在Mac OS X上的Go 1.5中,无法gzip具有超过32768字节的切片

I am trying to compress byte slices in Go using compress/gzip. Whenever I compress slices with lengths longer than 2^15 on my laptop, every byte with an index of 2^15 or greater is set to 0 after decompression. When I run the same code on my research cluster it also breaks.

Calling go version on my laptop prints:

$ go version
go version go1.5 darwin/amd64

Calling go version on the cluster prints:

$ go version
go version go1.3.3 linux/amd64

Below is a demonstrative test file that I wrote. It generates random slices of different lengths, compresses them, then decompresses them. It checks that no calls returns errors and also checks that the compressed and decompressed slices are the same:

package compress

import (
    "bytes"
    "compress/gzip"
    "math/rand"
    "testing"
)

func byteSliceEq(xs, ys []byte) bool {
    if len(xs) != len(ys) { return false }
    for i := range xs {
        if xs[i] != ys[i] { return false }
    }
    return true
}

func TestGzip(t *testing.T) {
    tests := []struct {
        n int
    }{
        { 1<<10 },
        { 1<<15 },
        { 1<<15 + 1 },
        { 1<<20 },

    }

    rand.Seed(0)

    for i := range tests {
        n := tests[i].n

        in, out := make([]byte, n), make([]byte, n)
        buf := &bytes.Buffer{}
        for i := range in { in[i] = byte(rand.Intn(256)) }

        writer := gzip.NewWriter(buf)
        _, err := writer.Write(in)
        if err != nil {
            t.Errorf("%d) n = %d: writer.Write() error: %s",
                i + 1, n, err.Error())
        }
        err = writer.Close()
        if err != nil {
            t.Errorf("%d) n = %d: writer.Close() error: %s",
                i + 1, n, err.Error())
        }

        reader, err := gzip.NewReader(buf)
        if err != nil {
            t.Errorf("%d) n = %d: gzip.NewReader error: %s",
                i + 1, n, err.Error())
        }
        reader.Read(out)
        err = reader.Close()
        if err != nil {
            t.Errorf("%d) n = %d: reader.Close() error: %s",
                i + 1, n, err.Error())
        }

        if !byteSliceEq(in, out) {
            idx := -1
            for i := range in {
                if in[i] != out[i] {
                    idx = i
                    break
                }
            }
            t.Errorf("%d) n = %d: in[%d] = %d, but out[%d] = %d",
                i + 1, n, idx, in[idx], idx, out[idx])
        }
    }
}

When I run this test, I get the following output:

$ go test --run "TestGzip"
--- FAIL: TestGzip (0.12s)
    gzip_test.go:77: 3) n = 32769: in[32768] = 78, but out[32768] = 0
    gzip_test.go:77: 4) n = 1048576: in[32768] = 229, but out[32768] = 0
FAIL
exit status 1

Does anyone know what is going on here? Am I misusing the package in some way? Let me know if I haven't given enough information.

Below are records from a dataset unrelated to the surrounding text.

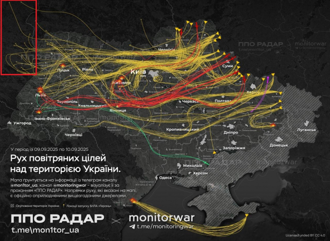 Передусім російська атака була, у порівнянні з тим, що Україна переживає щоночі, дитячою грою. Якщо подивитися на мапу ударів по Україні минулої ночі, то в лівому верхньому кутку видно зовсім невелику кількість російських засобів, які дісталися Польщі. Я обвів їх червоним прямокутником.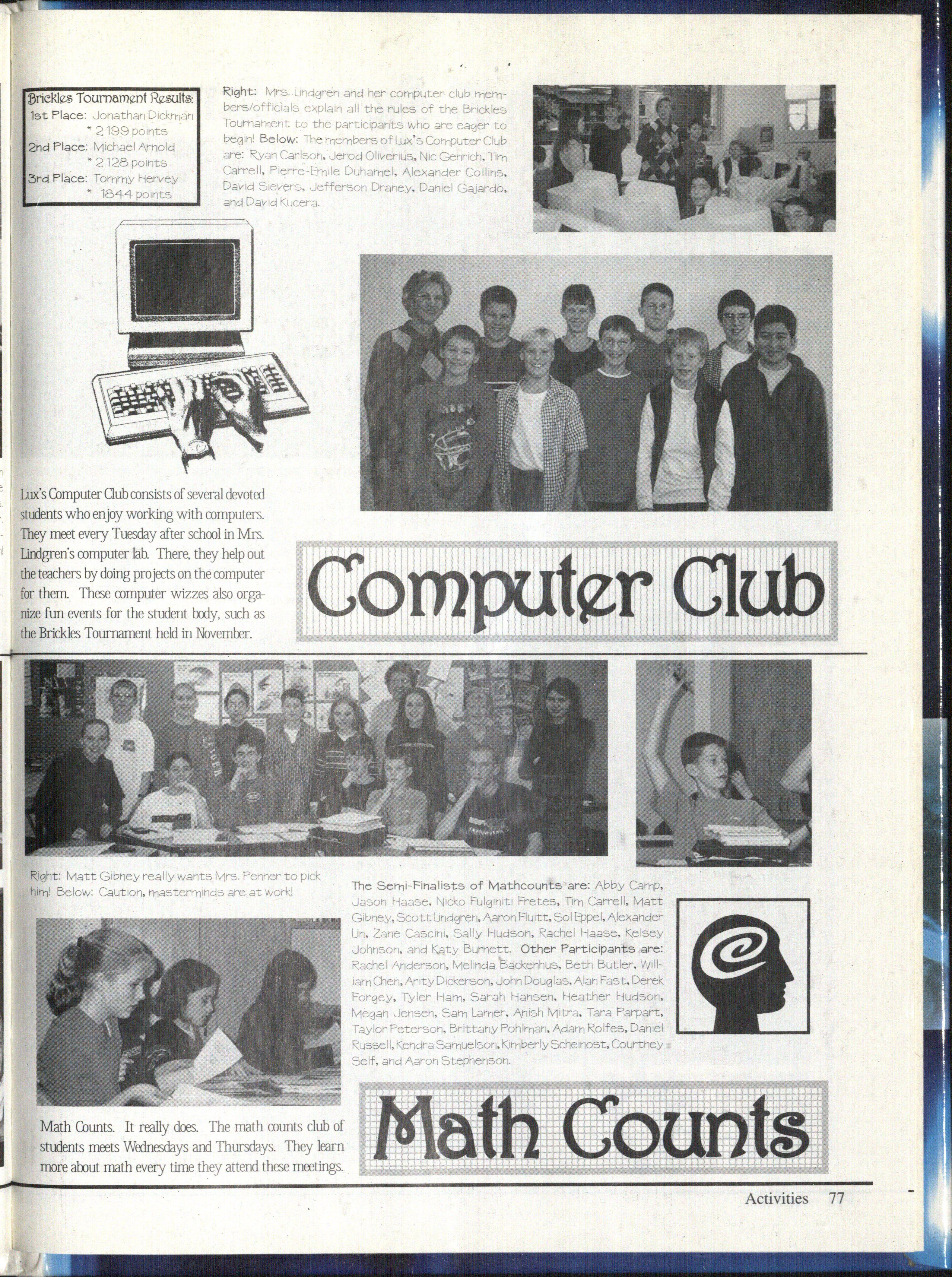 Lux's Computer Oub consists of several devotro students who enjoy working with computers. They meet every Tuesday after school in Mrs. Lindgren's computer lab. There, they help out the teachers by doing projects on the computer for them These computer wizzes also organize fun events for the student body, such as the Brickles Tournament held in November.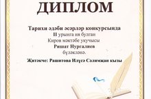 14 майда Чаллы шәһәрендә узган "Яшь башкаручылар IX халыкара фестиваль" конкурсында чыгыш ясап, 5 класс укучысы Сагбетдинова Сусанна, 3 нче дәрәҗә лауреат дипломына ия булды.
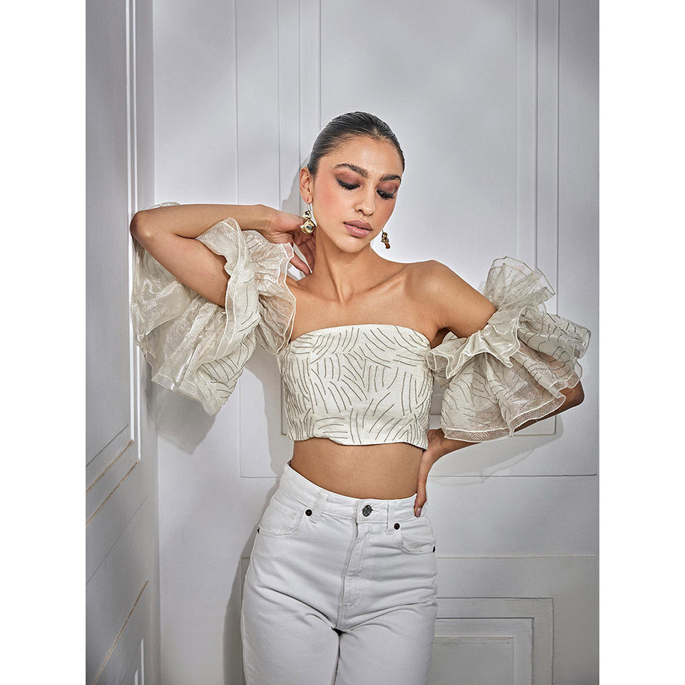 Kay Kay BY KKHUSHI SAHAII Off White Organza Chain Embroidered Crop Top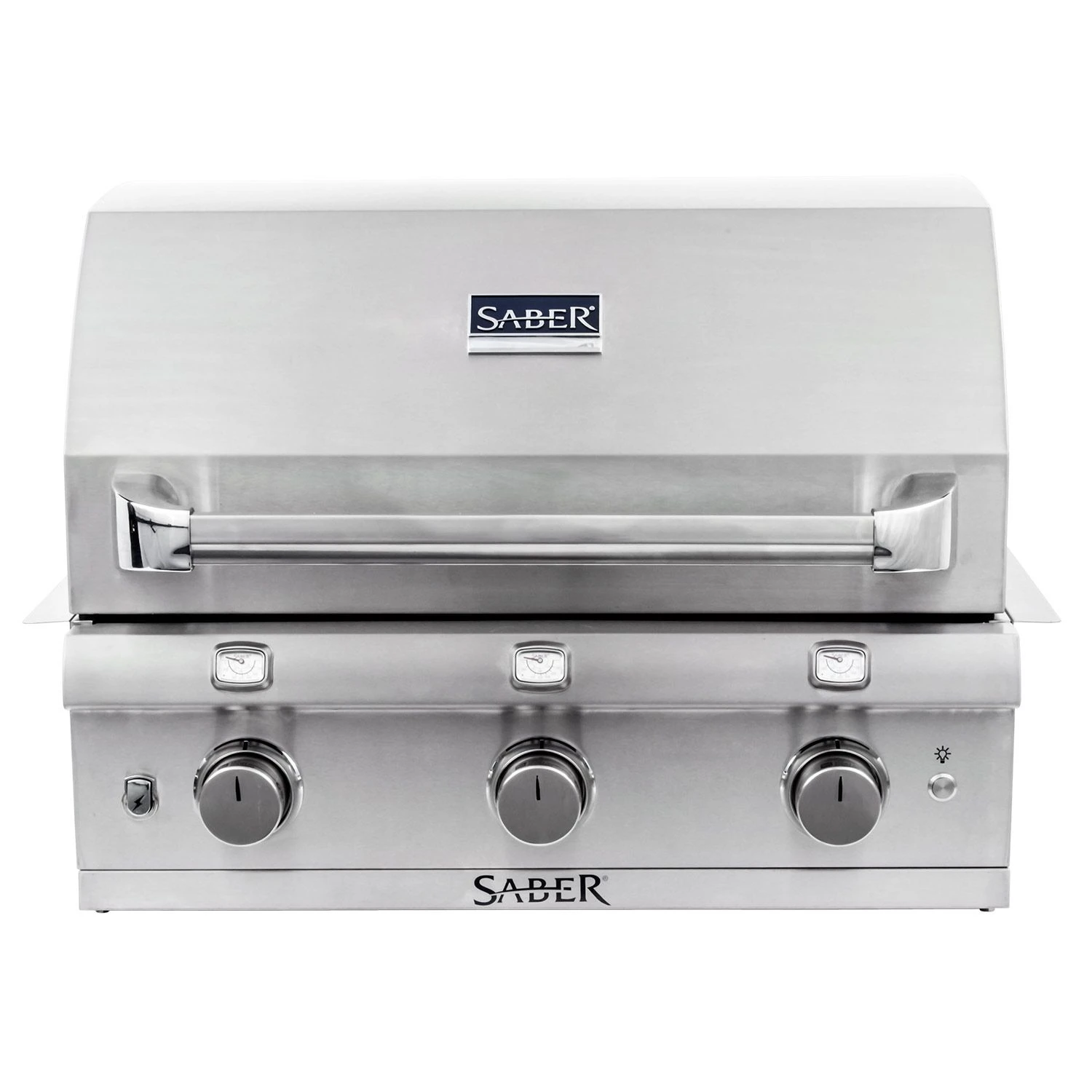 Saber R50SB0417 3-Burner Premium Built-In Infrared Grill, 32-Inches provides a premium addition to your outdoor kitchen. This grill brings restaurant quality results to your home with its patented Saber Cooking System. This innovative burner design heats evenly, eliminates flare-ups, and uses up to 30 percent less gas than comparable burners. This grill also offers a wider temperature range than traditional grills–from high temperature searing to low and slow roasting and everything in between. The Saber infrared can also pre-heat to searing temperatures in only 12 minutes to reduce the time it takes to get your food from grill to plate. When you’re finished grilling, the easy-to-clean design of the Saber grill allows food drippings to be burned off and brushed away with ease to save you even more time.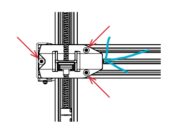 meghúztam a kék nyíllal jelölt csavart mindkét oldalon (utána próbáltam a pirosakat meglazítani, azt írja a manual-ban, hogy "Loosen the 6 screws holding the carriages on both sides then tighten them ONLY when wheels on Z carriages not properly seating on the aluminum extrusions.", de konkrétan beletört az imbusz kulcsom)

The problem is in this line:

reader.Read(out)

There is no guarantee that Reader.Read() will read the whole out slice in one step.

gzip.Reader.Read() is to implement io.Reader.Read().
Quoting from its doc (the "general contract"):

Read(p []byte) (n int, err error)

Read reads up to len(p) bytes into p.

There is no guarantee that Reader.Read() will read until out is filled, it may stop at fewer bytes if the implementation wishes so (even if EOF is not reached). If you pass a "big" slice, this may easily happen if an internal cache of the implementation is exhausted. Read() returns the number of read bytes (and an error), you may use that to check if the full slice was read.

Or even better, instead you may use io.ReadFull() to make sure out is read fully:

if _, err = io.ReadFull(reader, out); err != nil {
    t.Errorf("Error reading full out slice:", err)
}

By applying this change, your test passes.